* **Instructions for the task**
The listing is to be transcribed in full, with its images left out.

* **Source records**
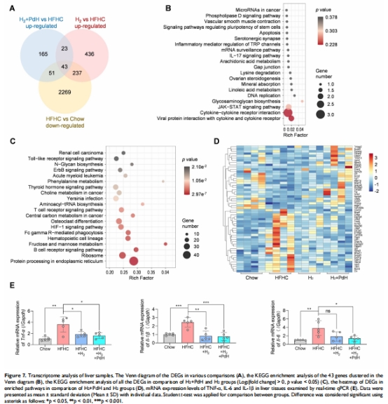 轉錄組:Pd+H?組激活脂代謝通路(PPARα/FXR),抑制炎癥通路(JAK-STAT)(圖7C-D)。
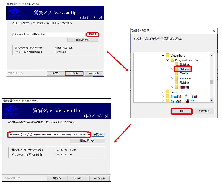 バージョンアッププログラムを再度実行し、[参照]ボタンでVirtualStore下のフォルダに適用先を変更します。
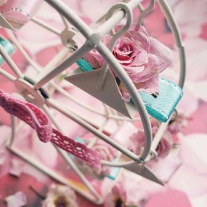 ミニバラ フラワーシリカゲルで作ったミニバラのドライフラワー💠 前回はアジサイを乗せていた観覧車にリボンと一緒に乗せてみましたよ✨ とってもラブリー~❣️
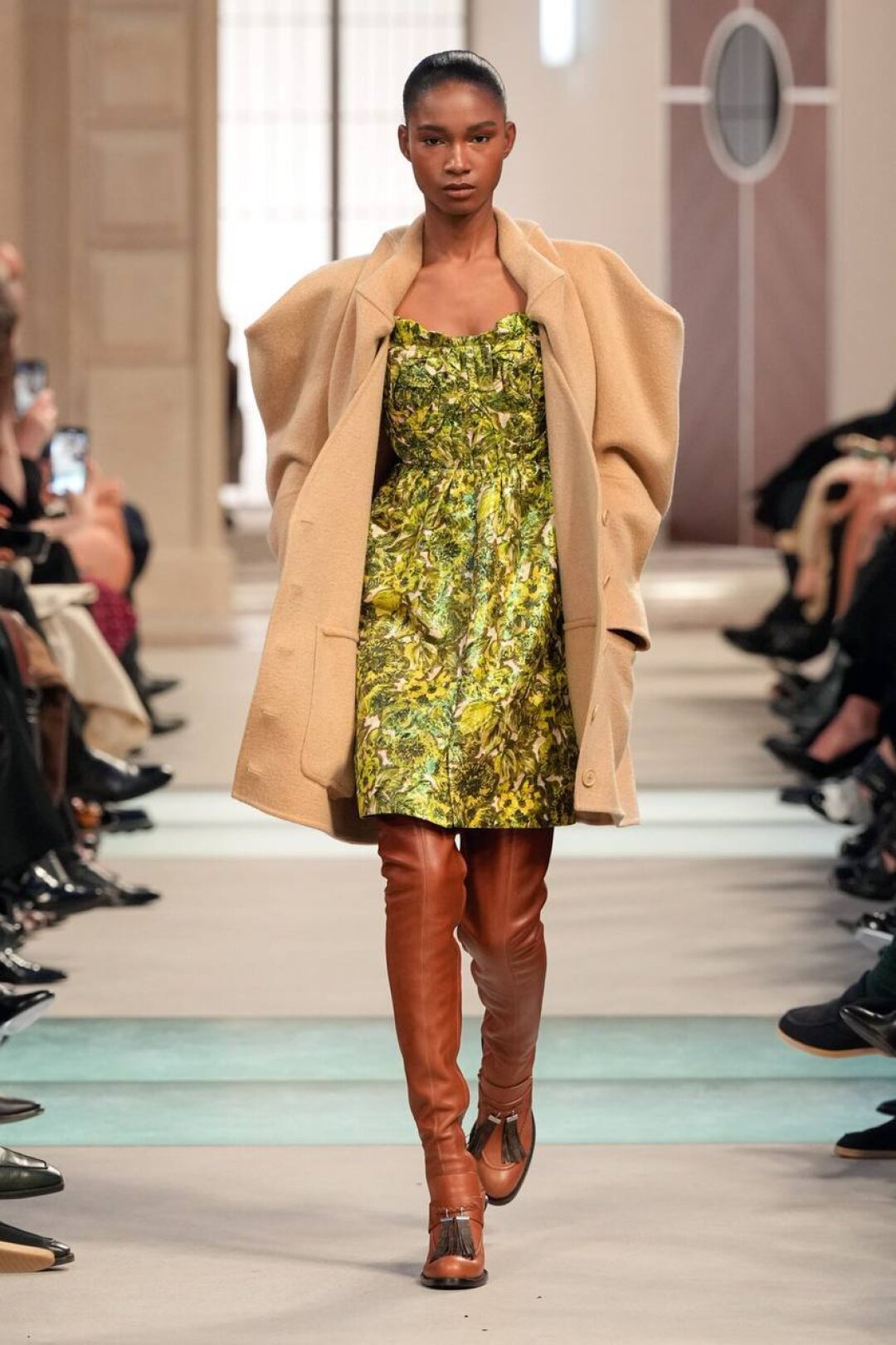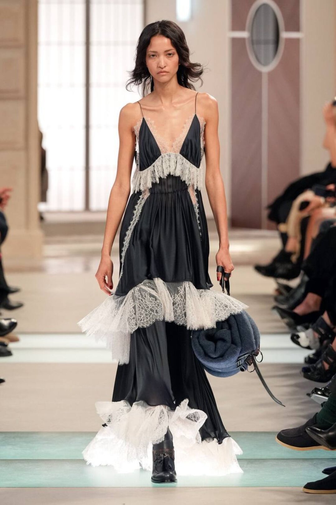 Пока креативные директора ставят себя в рамки определенной фэшн-концепции (вспоминаем сложносочиненные показы-вселенные Алессандро Микеле или твердо стоящий на ногах бохо Чемены Камали), Николя Жескьер вместо того, чтобы сковывать себя понятиями «вектор» или «почерк», жонглирует средневековыми воротниками-горгерами, ковбойскими казаками, шотландским тартаном, военными кителями, будуаркорными комбинациями и тихороскошными накидками из трикотажа, утрируя буйство (хотя, казалось бы, куда еще!) , гранд-панамками и вафельными сапогами-гармошкой.
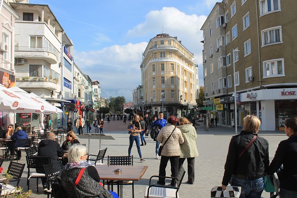Recorre esos amplios paseos peatonales muy animados de gente, porque es sábado; se detiene a husmear en tiendas de discos y librerías; observa el bullicio de los jóvenes, los ciclistas que pasan, el único hombre estatua pintado de blanco, los gatos bien cuidados que pasean entre los peatones en un país en donde debe haberlos más que humanos, y recala finalmente en la terraza del restaurante Europa, en el Bulevar Silviniza, epicentro de la marcha de Varna, a comer un plato de humus, otro de aceitunas, que nada tienen que ver con las sabrosas griegas, unos raviolis de espinacas con salsa de mascarpone y lo más parecido a la crema catalana, la creme brulé.
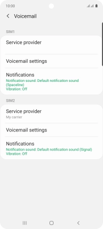 Press Voicemail settings below the required SIM.
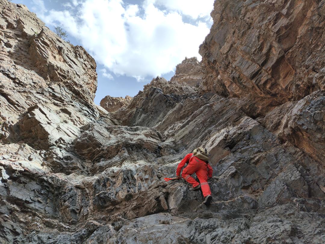 年过55岁的杨学生,既是七队哈密项目组负责人,也是去年刚毕业的00后研究生刘鹏震的“师傅”。杨学生不仅自己冲锋在前,更将30余载积累的野外经验倾囊相授给年轻地质队员们。从如何精准观察露头、辨识矿物特征,到在复杂地形下安全高效作业、室内资料整理,他手把手指导、面对面传授,像一位默默耕耘的守护者,把自己的智慧与心血毫无保留地传递给青年一代。
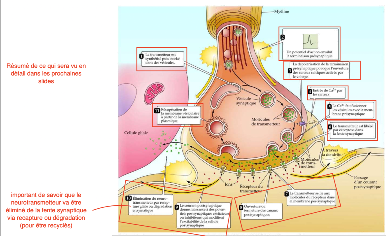 1) Neurotransmetteur est synthétisé et stocké dans le neurone.
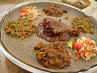 ![]() 世界初のユダヤ人の料理本として知られる「How to Cook in Palestine」 | ![]() 出典:tripnote.jp テルアビブのエチオピア料理屋で提供されるインジェラとワット | ![]() 写真:がぅちゃん |
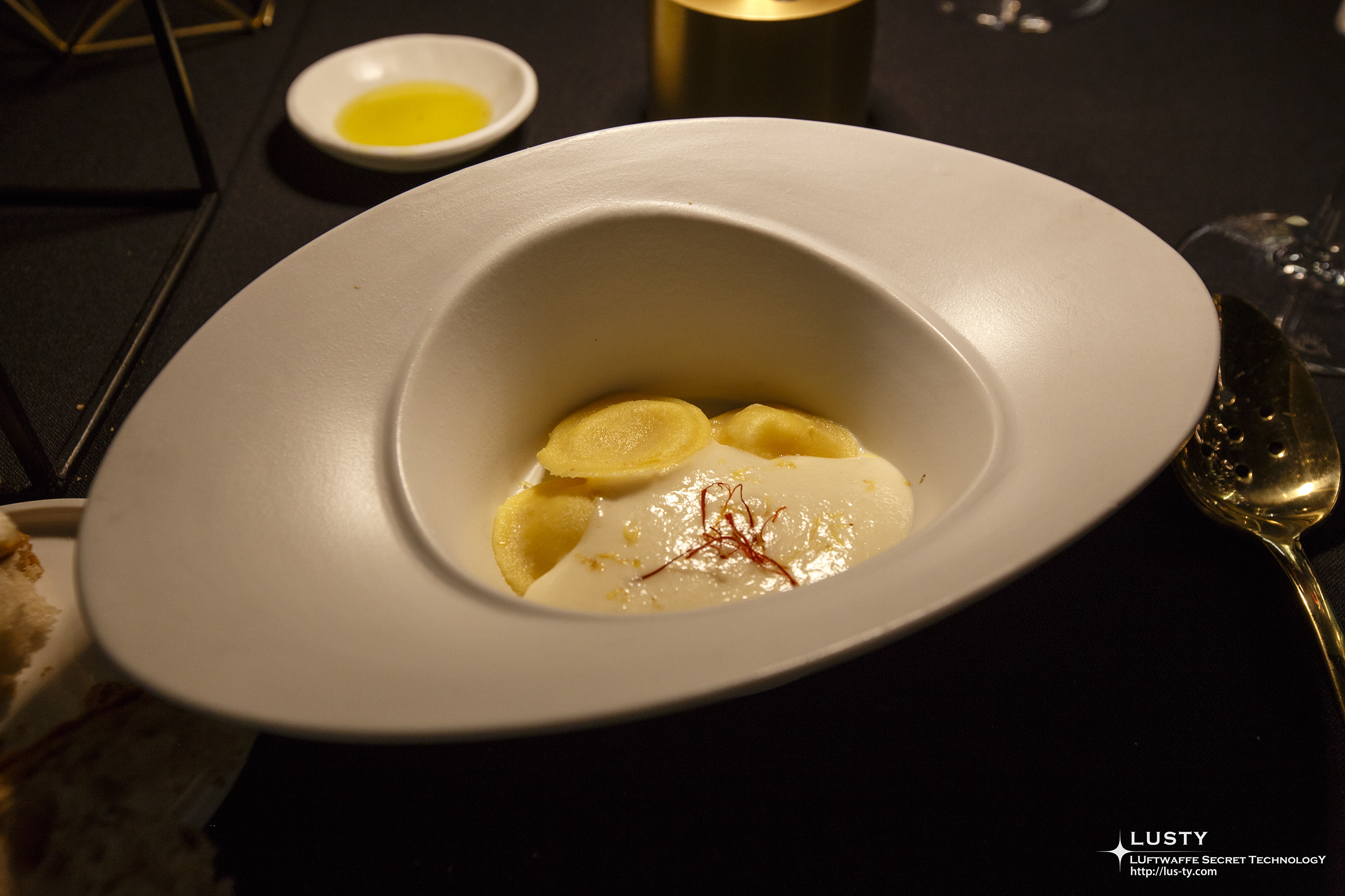다음 메뉴는 레몬제스트와 사프란이 들어간 카펠레티를 사용한 파스타. 반죽 안에 속이 들어간 메뉴들이 연속으로 나온다.

* **Response box**
 轉錄組:Pd+H?組激活脂代謝通路(PPARα/FXR),抑制炎癥通路(JAK-STAT)(圖7C-D)。
 バージョンアッププログラムを再度実行し、[参照]ボタンでVirtualStore下のフォルダに適用先を変更します。
 ミニバラ フラワーシリカゲルで作ったミニバラのドライフラワー💠 前回はアジサイを乗せていた観覧車にリボンと一緒に乗せてみましたよ✨ とってもラブリー~❣️
 Пока креативные директора ставят себя в рамки определенной фэшн-концепции (вспоминаем сложносочиненные показы-вселенные Алессандро Микеле или твердо стоящий на ногах бохо Чемены Камали), Николя Жескьер вместо того, чтобы сковывать себя понятиями «вектор» или «почерк», жонглирует средневековыми воротниками-горгерами, ковбойскими казаками, шотландским тартаном, военными кителями, будуаркорными комбинациями и тихороскошными накидками из трикотажа, утрируя буйство (хотя, казалось бы, куда еще!) , гранд-панамками и вафельными сапогами-гармошкой.
Recorre esos amplios paseos peatonales muy animados de gente, porque es sábado; se detiene a husmear en tiendas de discos y librerías; observa el bullicio de los jóvenes, los ciclistas que pasan, el único hombre estatua pintado de blanco, los gatos bien cuidados que pasean entre los peatones en un país en donde debe haberlos más que humanos, y recala finalmente en la terraza del restaurante Europa, en el Bulevar Silviniza, epicentro de la marcha de Varna, a comer un plato de humus, otro de aceitunas, que nada tienen que ver con las sabrosas griegas, unos raviolis de espinacas con salsa de mascarpone y lo más parecido a la crema catalana, la creme brulé.
 Press Voicemail settings below the required SIM.
 年过55岁的杨学生,既是七队哈密项目组负责人,也是去年刚毕业的00后研究生刘鹏震的“师傅”。杨学生不仅自己冲锋在前,更将30余载积累的野外经验倾囊相授给年轻地质队员们。从如何精准观察露头、辨识矿物特征,到在复杂地形下安全高效作业、室内资料整理,他手把手指导、面对面传授,像一位默默耕耘的守护者,把自己的智慧与心血毫无保留地传递给青年一代。
 1) Neurotransmetteur est synthétisé et stocké dans le neurone.
 ![]() 世界初のユダヤ人の料理本として知られる「How to Cook in Palestine」 | ![]() 出典:tripnote.jp テルアビブのエチオピア料理屋で提供されるインジェラとワット | ![]() 写真:がぅちゃん |
다음 메뉴는 레몬제스트와 사프란이 들어간 카펠레티를 사용한 파스타. 반죽 안에 속이 들어간 메뉴들이 연속으로 나온다.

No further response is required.